CMU15-445/645 2021 HW1
Q1
要求从Category表中按照字母顺序列出所有CategoryName内容
sqlite> SELECT CategoryName FROM Category ORDER BY CategoryName;
Beverages
Condiments
Confections
Dairy Products
Grains/Cereals
Meat/Poultry
Produce
Seafood
Q2
要求从Order表中按照字母顺序列出所有包含-的内容,且不能有重复内容
- 要求必须包含-,那么我们需要like '%-%'来筛选
- 不能有重复内容我们可以用DISTINCT关键字
- 字母顺序使用ORDER BY关键字
坑点是查询的时候记得FROM "Order"
,因为Order是关键字,不加引号会出现语法错误
sqlite> SELECT DISTINCT ShipName FROM "Order" WHERE ShipName like '%-%' ORDER BY ShipName;
Bottom-Dollar Markets
Chop-suey Chinese
GROSELLA-Restaurante
HILARION-Abastos
Hungry Owl All-Night Grocers
LILA-Supermercado
LINO-Delicateses
QUICK-Stop
Save-a-lot Markets
Q3
要求从Order表中查询Id和ShipCountry按照id递增输出从15445开始的20条信息,并且如果ShipCountry是北美的三个国家('USA', 'Mexico', 'Canada')那么显示'NorthAmerica',否则是'OtherPlace'
- 查询Id和ShipCountry直接
SELECT Id, ShipCountry
- 对ShipCountry进行判断并添加为一列的方法是使用case when方法
SELECT WHEN ShipCountry in when ShipCountry in ("USA", "Canada", "Mexico") then 'NorthAmerica' else 'OtherPlace' end
- 从ID为15445开始输出是WHERE Id >= 15445
- 按照ID递增输出是ORDER BY ID ASC
- 只输出前20条信息是LIMIT 20
sqlite> SELECT Id, ShipCountry,
( case
when ShipCountry in ("USA", "Canada", "Mexico")
then 'NorthAmerica'
else 'OtherPlace'
end
)
FROM "Order"
WHERE Id >= 15445
ORDER BY Id ASC
LIMIT 20;
15445|France|OtherPlace
15446|Italy|OtherPlace
15447|Portugal|OtherPlace
15448|Argentina|OtherPlace
15449|Portugal|OtherPlace
15450|Venezuela|OtherPlace
15451|Brazil|OtherPlace
15452|France|OtherPlace
15453|France|OtherPlace
15454|Canada|NorthAmerica
15455|USA|NorthAmerica
15456|France|OtherPlace
15457|Mexico|NorthAmerica
15458|USA|NorthAmerica
15459|Germany|OtherPlace
15460|Argentina|OtherPlace
15461|Austria|OtherPlace
15462|Austria|OtherPlace
15463|Finland|OtherPlace
15464|Brazil|OtherPlace
Q4
要求查询每家公司的名字和不准时的订单的比率,并递减顺序输出
- 要求按照每家公司查询,所以我们需要GROUP BY分组
- 要求查询不准时的订单比率,只需要用每家公司的不准时订单数量除以每家公司的总订单数量即可,这样的话就是从两个表中统计。即SELECT * FROM (SELECT ...) INNER JOIN (SELECT ...) ON ...

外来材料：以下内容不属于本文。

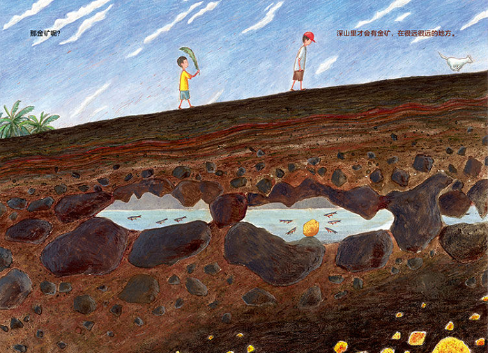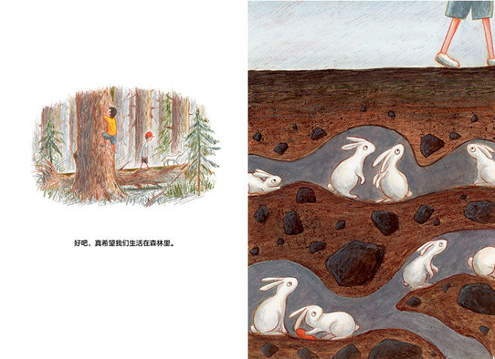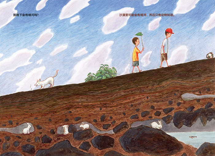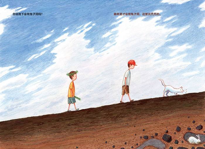 《散步》是在正午发生的故事。 兄弟俩像寻常一样出门散步,越走越远。他们觉得生活的这个地方太普通、太无趣了,总渴望一些新奇的事物。于是弟弟便忍不住猜想:地下有兔子洞吗?有暗河吗?有黄金吗……但每一次都被知识面更广、阅历更丰富的哥哥否定了,只能从幻想中抵达理想的世界。他们对地下一无所知,最后得出了这样一个遗憾的结论:要是生活在别的地方该多好啊!哪怕比这里特别一点点。 但那些我们看不见的东西,真的不存在吗?

- 要求对计算的百分率四舍五入保留两位小数,需要ROUND(x, n)函数即对x保留n位小数
sqlite> SELECT CompanyName, ROUND(OvertimeCnt.cnt * 100.0 / TotalCnt.cnt, 2) AS cnt_rate
FROM
(SELECT ShipVia, COUNT(*) AS cnt FROM "Order" WHERE ShippedDate > RequiredDate GROUP BY ShipVia) AS OvertimeCnt
INNER JOIN (SELECT ShipVia, COUNT(*) AS cnt FROM "Order" GROUP BY ShipVia) AS TotalCnt ON OvertimeCnt.ShipVia = TotalCnt.ShipVia
INNER JOIN Shipper ON Shipper.Id = OvertimeCnt.ShipVia
ORDER BY cnt_rate DESC;
Federal Shipping|23.61
Speedy Express|23.46
United Package|23.44
Q5
要求查询每种类别的产品数量,平均单位价格,最小单位价格,最大单位价格,在订单中的总数,并且要保证类别数量大于10
这个还是有蛮多知识点需要学习的:
- 首先是WHERE后面不能使用聚合函数,必须使用HAVING语句。
- 语句的执行先后顺序是 WHERE -> GROUP BY -> HAVING -> ORDER BY
- 注意COUNT和SUM聚合函数的区别,COUNT是统计表中某些列的个数之和,SUM是统计表中某些列的值之和
- COUNT(*), COUNT(SomeCol)两者的区别是前者把null的行也会统计进个数,而后者不会
SELECT CategoryName, COUNT(CategoryId) AS number, ROUND(AVG(UnitPrice), 2),MIN(UnitPrice),MAX(UnitPrice), SUM(UnitsOnOrder)
FROM Product INNER JOIN Category ON Product.CategoryId = Category.Id
GROUP BY CategoryId
HAVING number > 10
ORDER BY CategoryId;
Beverages|12|37.98|4.5|263.5|60
Condiments|12|23.06|10|43.9|170
Confections|13|25.16|9.2|81|180
Seafood|12|20.68|6|62.5|120
Q6
要求查询曾经购买过8款停售商品,且是最早购买的顾客公司信息和联系人信息。并按照商品名从小到大的字母序输出 商品名|公司信息|联系人信息
- 要求查询商品与联系人之间的关系,那么我们必须将Product,OrderDetail,Order,Customer表连接到一块才能查询
- 8款停售商品是在Product里面Discontinued值为1的商品
- 最后只需要按照Product分类,并用聚合函数MIN筛出日期最小的一次订单即可。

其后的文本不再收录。